Je commence aujourd'hui une série d'articles qui seront à la fois de petits résumés à partir ce livre exceptionnel d''Eliane Seguin et des réflexions personnelles sur un art qui m'a toujours fasciné.
Je pense que l'ensemble sera composé d'une bonne dizaine de petits articles. Je les morcèle pour que leur lecture ne soit pas fastidieuse; aujourd'hui, je me borne à résumer le début de l'ouvrage dans ses très très grandes lignes, espérant vous donner l'envie de le lire dans son intégralité.
J'ai toujours été très touchée par la culture noire,et noire américaine. Et la lecture de ce livre m'a profondément bouleversé, ébranlé; comme si en profondeur, je renouais avec ma vision intime de l'art, de ce que la danse a et doit dire...
Dans son introduction, Eliane Seguin dit deux choses qui ont retenu mon attention :
" Si la danse jazz constitue, pur beaucoup, une expérience exaltante et porteuses d'émotion, si professionnels et amateurs parcourent de longues distances pour honorer un spectacle, l'esthétique officielle oppose toujours son silence théorique, lourd et suspect".
Le cadre est défini : cette forme de danse souffre, comme certaines autres, d'une mépris qui la relègue dans le cadre de " divertissement" et non de danse savante... quoique l'on en dise, sa place dans les programmations des scènes françaises est réduite... et malgré la création d'un D E pour l'enseigner, elle n'a pas droit de citer comme sa comparse la danse contemporaine dans les différentes structures culturelles des villes.
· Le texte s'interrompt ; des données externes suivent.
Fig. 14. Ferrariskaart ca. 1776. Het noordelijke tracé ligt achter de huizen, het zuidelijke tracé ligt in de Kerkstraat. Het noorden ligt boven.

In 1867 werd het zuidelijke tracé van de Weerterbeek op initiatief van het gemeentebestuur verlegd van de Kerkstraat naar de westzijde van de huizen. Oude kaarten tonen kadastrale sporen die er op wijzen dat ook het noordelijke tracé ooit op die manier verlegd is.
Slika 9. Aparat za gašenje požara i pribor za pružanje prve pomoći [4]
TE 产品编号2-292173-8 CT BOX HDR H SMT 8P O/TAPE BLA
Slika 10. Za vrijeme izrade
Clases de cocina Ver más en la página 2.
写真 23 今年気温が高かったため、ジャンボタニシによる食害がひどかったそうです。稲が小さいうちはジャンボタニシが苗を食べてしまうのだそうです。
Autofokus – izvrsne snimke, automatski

Tous les CND d'aujourd'hui ( centre national de danse) sont dévolus à la danse contemporaine seule...
Plus loin, elle note que son livre a été écrit comme une introduction ou un guide pour ceux qui ne connaissent la danse jazz que de façon fragmentaire : " Peut être et enfin aidera t'il à combatre l'idée, si vivace chez certains artistes que la danse peut être comprise hors du contexte culturel dont elle provient"
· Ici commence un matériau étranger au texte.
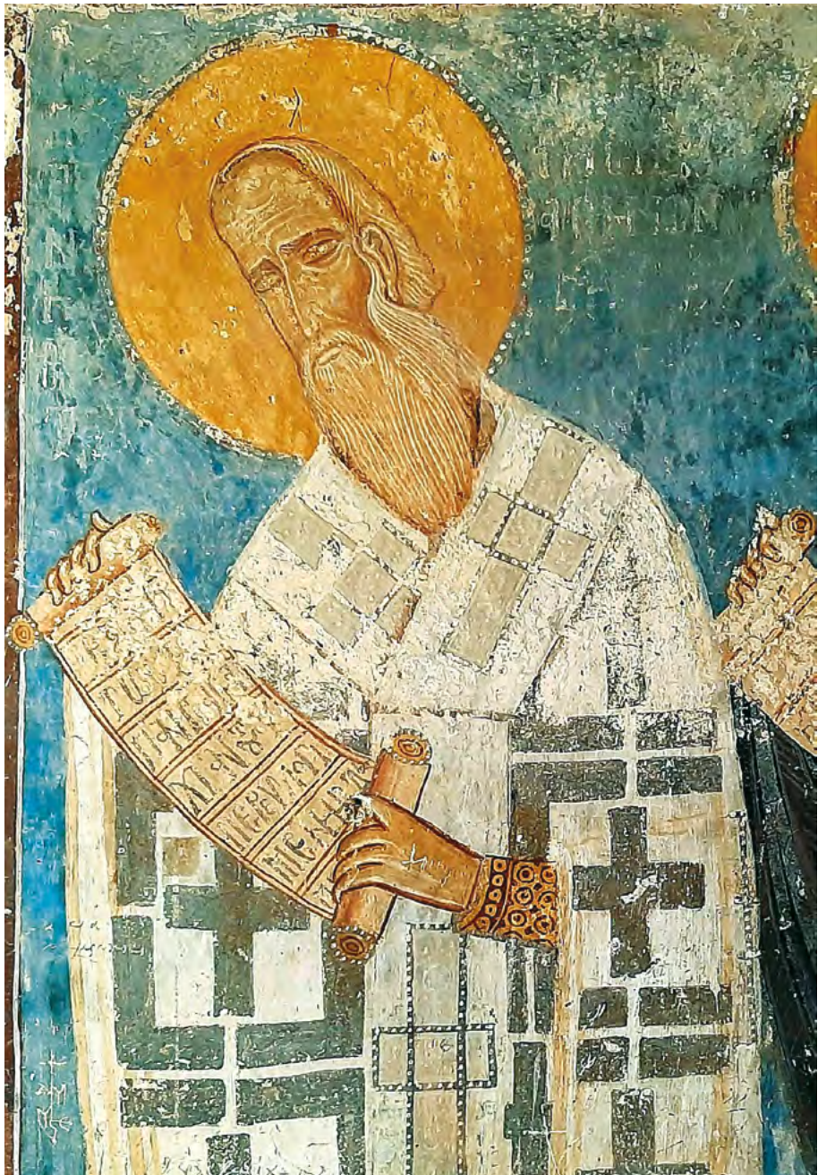
Ὁ ἅγιος Μιχαὴλ Χωνιάτης, Μητροπολίτης Ἀθηνῶν. Τοιχογραφία 13ου αἰῶνος ἀπὸ τὸν Ἱερὸ Ναὸ Ἁγίου Πέτρου, Καλυβίων Κουβαρᾶ.

Cette phrase parle d'elle même : j'ai toujours eu du mal à comprendre que l'on puisse pratiquer un art, -quel qu'il soit, musique, théâtre, danse- sans avoir quelques points de repères précis sur son origine, son élaboration, son sens...
L'origine du mot jazz
Comme je l'avais déjà noté dans un précédent article, le mot jazz est né sans que l'on puisse clairement définir son origine; en fonction des différents dialectes, son sens différe légèrement; il peut venir de " jaser", mot français, qui désigne à l'époque une conversation animée, ou de "chass", combattre, ou de "jaz, jasi," se dépécher, ou encore de gasm, gism, mot argotique, qui signifie à la fois puissance,et aussi sperme, ou encore de l'argot sénégalais, qui désigne l'acte sexuel.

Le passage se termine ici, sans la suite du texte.